Print only the lines from the top of the data through the line with "产品为胫骨平台托,胫骨平台托", both included, skipping every picture.

▶ **Data excerpts**
====================
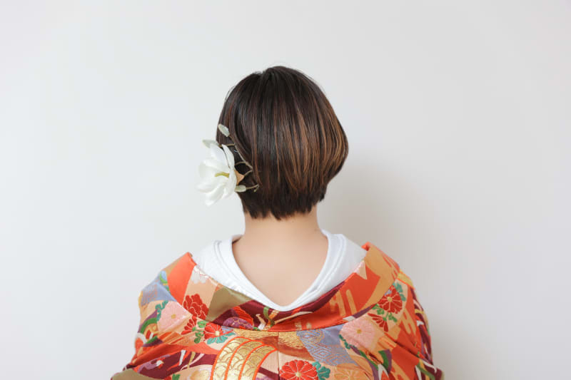 着物の時は髪をアップにしなきゃいけないんじゃないか?髪の毛は伸ばさなきゃいけない??と悩んでいる方も多いと思いますが、ショートの方はそのままでも十分かわいい雰囲気になりますので、ぜひご覧ください✨
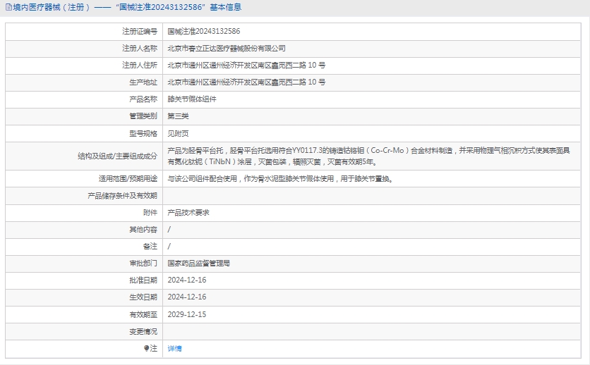 产品为胫骨平台托,胫骨平台托选用符合YY0117.3的铸造钴铬钼(Co-Cr-Mo)合金材料制造,并采用物理气相沉积方式使其表面具有氮化钛铌(TiNbN)涂层,灭菌包装,辐照灭菌,灭菌有效期5年。
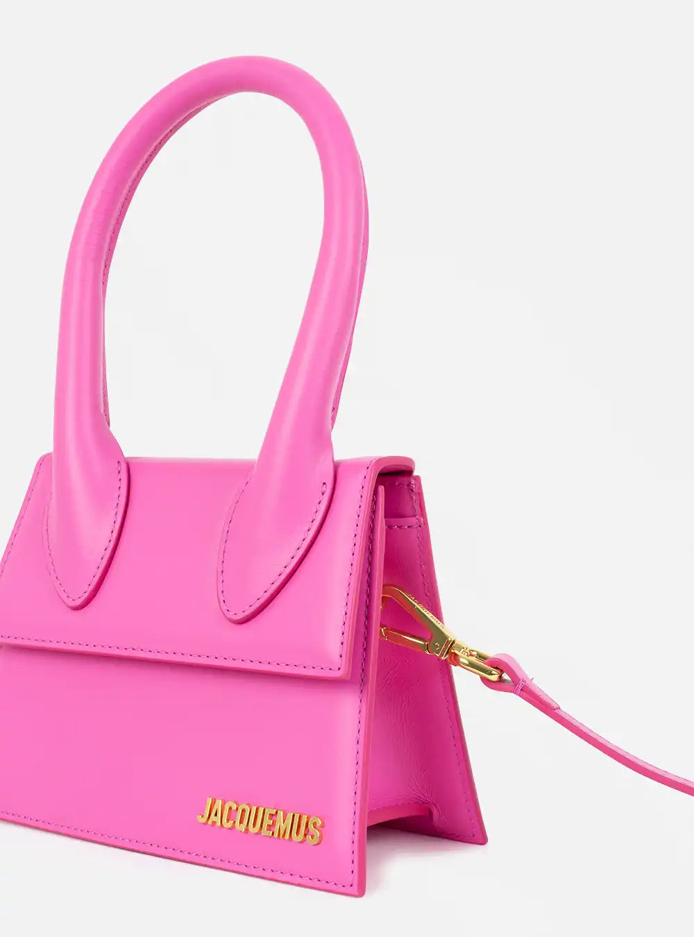 Il Chiquito Money in pelle di vitello rosa con logo dorato in rilievo. Battente con chiusura magnetica, manico rigido ad arco e tracolla rimovibile. Interno compatto con tasca a soffietto.
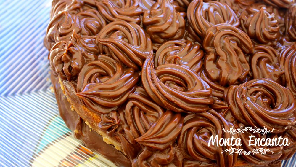 Depois é só cortar a massa em camadas, preparar um delicioso Brigadeiro Gourmet, rechear e cobrir, com ajuda do saco de confeiteiro fazendo rosas.
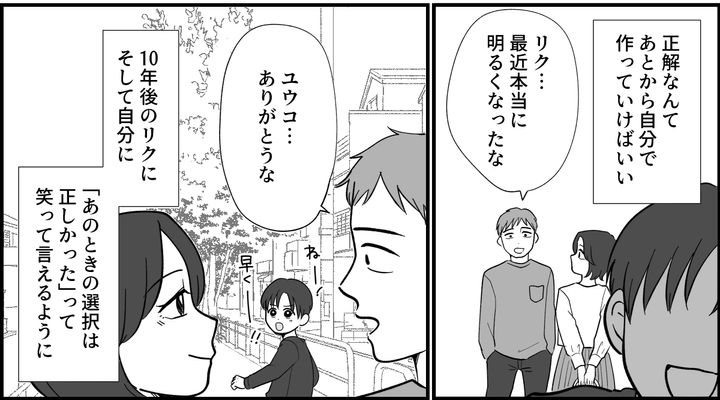 別れ際、ツグミちゃんの後ろ姿を見送りながら、私はどこかスッキリとした気持ちでした。家計のやりくりは少し厳しくなりましたが、ダイスケもリクの落ち着いた様子を見て「ユウコが家にいてくれたおかげだ」と言って感謝してくれるようになりました。
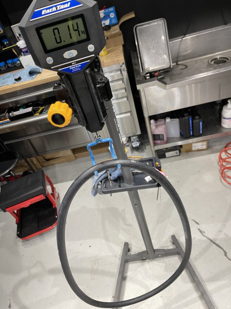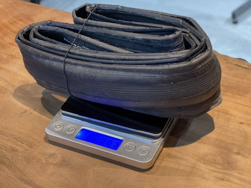 まずは手近なところからチェックします。。Bontrager R1タイヤの重量が。。しかもロードでワイヤービード。
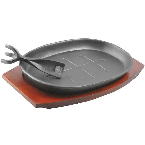 Сковорода для фахитос на подставке чугун,дерево ,H=45,L=320/275,B=190мм черный,древесн. арт. 04020710
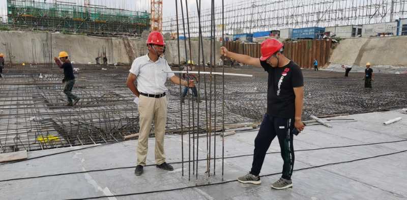 勞務(wù)經(jīng)理吳正祥在后挖土不利的情況下每天頂著高溫酷暑奔波在工地上的每個(gè)角落,不到幾日便曬黑了一圈。
====================
▶ **Solution below**
 着物の時は髪をアップにしなきゃいけないんじゃないか?髪の毛は伸ばさなきゃいけない??と悩んでいる方も多いと思いますが、ショートの方はそのままでも十分かわいい雰囲気になりますので、ぜひご覧ください✨
 产品为胫骨平台托,胫骨平台托选用符合YY0117.3的铸造钴铬钼(Co-Cr-Mo)合金材料制造,并采用物理气相沉积方式使其表面具有氮化钛铌(TiNbN)涂层,灭菌包装,辐照灭菌,灭菌有效期5年。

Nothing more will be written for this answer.